There is a clean way to think about the difference. AdaGrad's denominator estimates the cumulative L2 norm of all past gradients for that parameter. RMSProp's denominator estimates the running root-mean-square of recent gradients, which is bounded as long as gradients themselves are bounded. AdaGrad's effective learning rate is monotonically non-increasing, so once it has decayed, it cannot recover, even if the loss landscape changes (for instance after a learning-rate warmup, a curriculum shift, or a fine-tuning phase). RMSProp's effective learning rate can grow back as soon as recent gradients become small. That difference is what makes RMSProp viable for the long, multi-stage training runs typical of modern deep learning, while AdaGrad mostly stayed in the convex-optimization and sparse-feature literature where its monotonicity is the right thing to want.
AdaDelta (Zeiler 2012, arXiv:1212.5701) was developed independently about three months after Hinton's lecture. It uses the same exponentially decaying mean of squared gradients but tries to eliminate the learning rate α entirely by also keeping a running average of squared parameter updates and using the ratio of those two RMS quantities as the step size:
# AdaDelta
E[g²]_t = ρ · E[g²]_{t-1} + (1 - ρ) · g_t²
Δθ_t = -(sqrt(E[Δθ²]_{t-1} + ε) / sqrt(E[g²]_t + ε)) · g_t
E[Δθ²]_t = ρ · E[Δθ²]_{t-1} + (1 - ρ) · Δθ_t²
θ_{t+1} = θ_t + Δθ_t
In theory this makes AdaDelta hyperparameter-free apart from ρ and ε; in practice most implementations still expose a learning-rate multiplier. AdaDelta is still a built-in optimizer in PyTorch, TensorFlow, and Keras, but sees less use since Adam.

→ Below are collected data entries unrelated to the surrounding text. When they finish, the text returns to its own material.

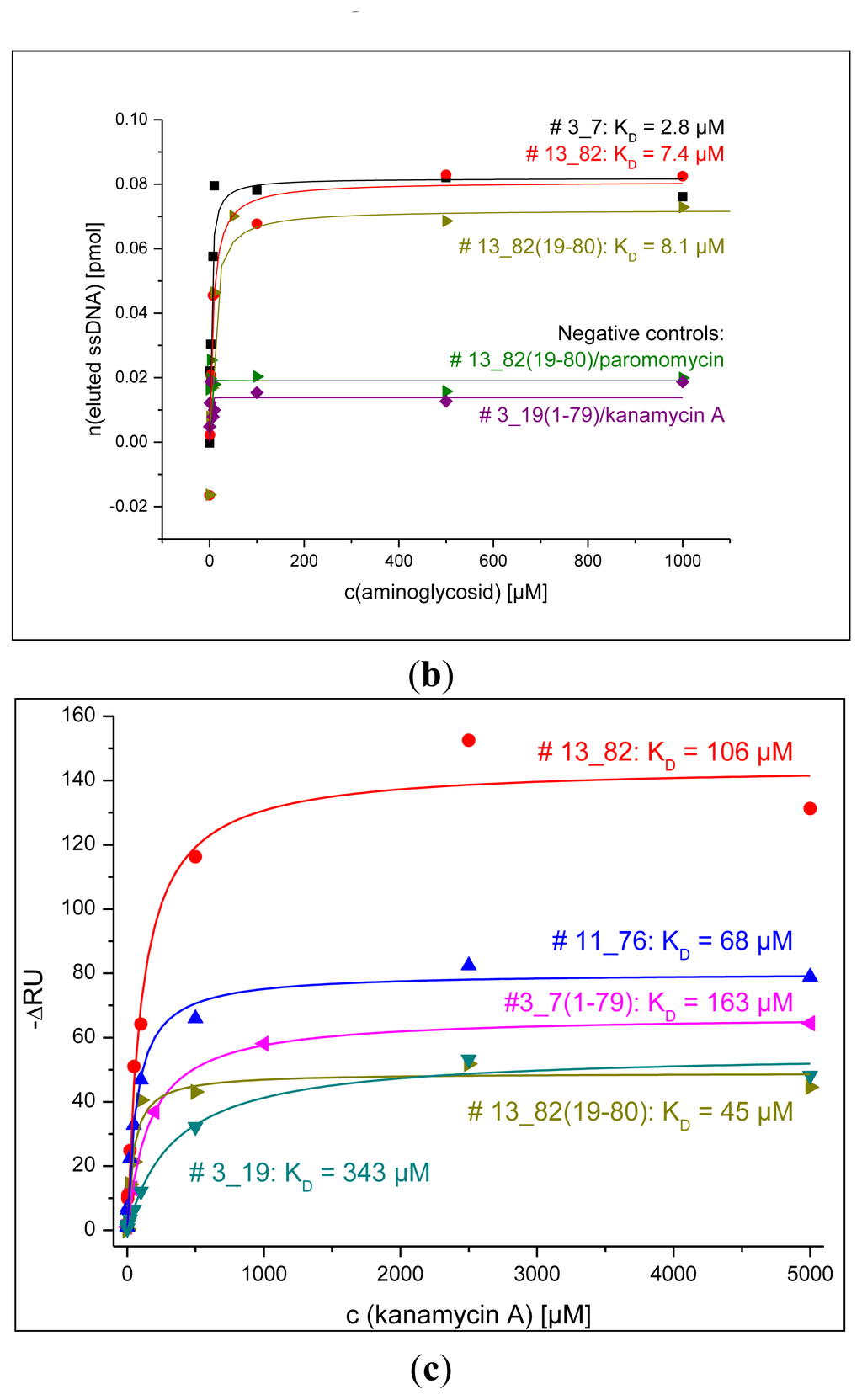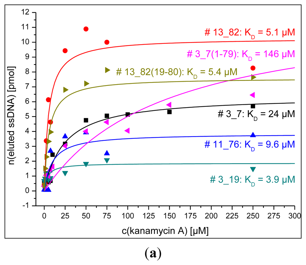Song et al. developed a DNA aptamer for kanamycin using affinity chromatography with kanamycin-immobilized sepharose beads which exhibited affinities for kanamycin A, B, and tobramycin in the nanomolar range []. The RNA aptamers for aminoglycoside antibiotics developed by Goertz et al. using an automated selection protocol have dissociation constants that also lie in the nanomolar range []. Kwon et al. found RNA aptamers for kanamycin B that showed high nanomolar affinity to the targeted aminoglycoside using surface plasmon resonance and fluorescence anisotropy techniques [].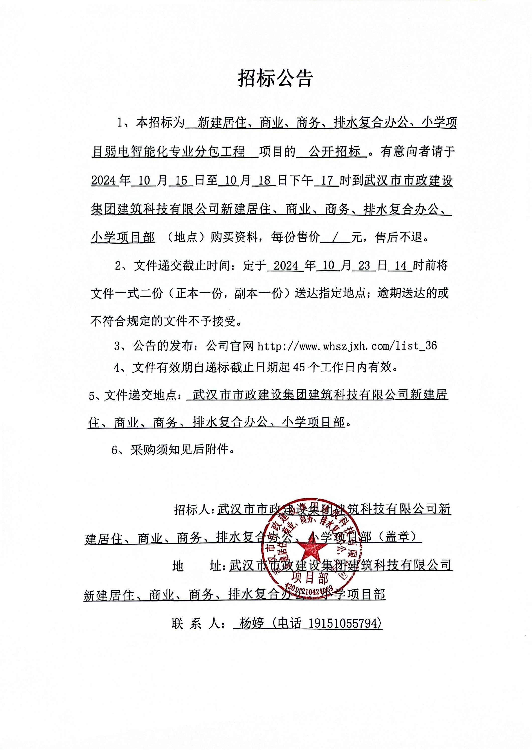 武漢市市政建設集團建筑科技有限公司新建居住、商業(yè)、商務、排水復合辦公、小學項目弱電智能化專業(yè)分包工程招標公告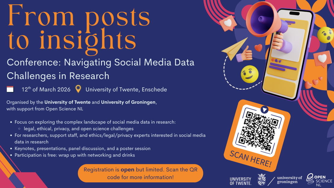 The University of Twente and the University of Groningen, with support from Open Science NL, are proud to host a one-day networking conference focused on the opportunities and challenges of using social media data in research.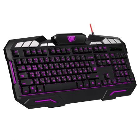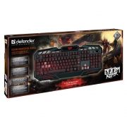 Defender Keeper GK-100DL - мультимедийная игровая клавиатура с подсветкой символов и кнопок. Устройство поддерживает функции блокировки системных клавиш Windows, переключения курсора на кнопки WASD и распознает одновременное нажатие до 19 кнопок. 10 горячих клавиш используются для быстрого доступа к функциям медиаплеера и интернет приложениям. Подсветка позволяет выбрать один из трех цветов (красный, синий, фиолетовый), имеет регулируемую яркость и возможность отключения. Также в клавиатуре предусмотрены ножки, регулирующие угол наклона, и небольшая подставка под запястье для естественного положения рук. Благодаря водоотводящим отверстиям пролитая жидкость легко покидает корпус клавиатуры не причинив вреда ее компонентам. Кабель в прочной тканевой оплетке с позолоченным USB-коннектором обеспечивает надежное подключение и передачу сигнала без помех. Многофункциональное ПО (загружается с сайта производителя) позволяет запрограммировать любую клавишу клавиатуры под требуемые задачи.

The key motivation in Zeiler's paper is unit consistency. He argued that in plain RMSProp the update α · g / sqrt(v) does not have the same units as the parameter being updated, because the gradient has units of 1 / units(θ) and the denominator does not cancel them out, so the user-supplied learning rate α has to absorb that mismatch. AdaDelta replaces α with the running RMS of past parameter updates, which has the same units as θ, making the update dimensionally consistent. This is a clean theoretical observation, and on some tasks it does remove the need to tune a learning rate from scratch. In modern practice, however, the simplicity of just trying a few learning rates with Adam usually wins.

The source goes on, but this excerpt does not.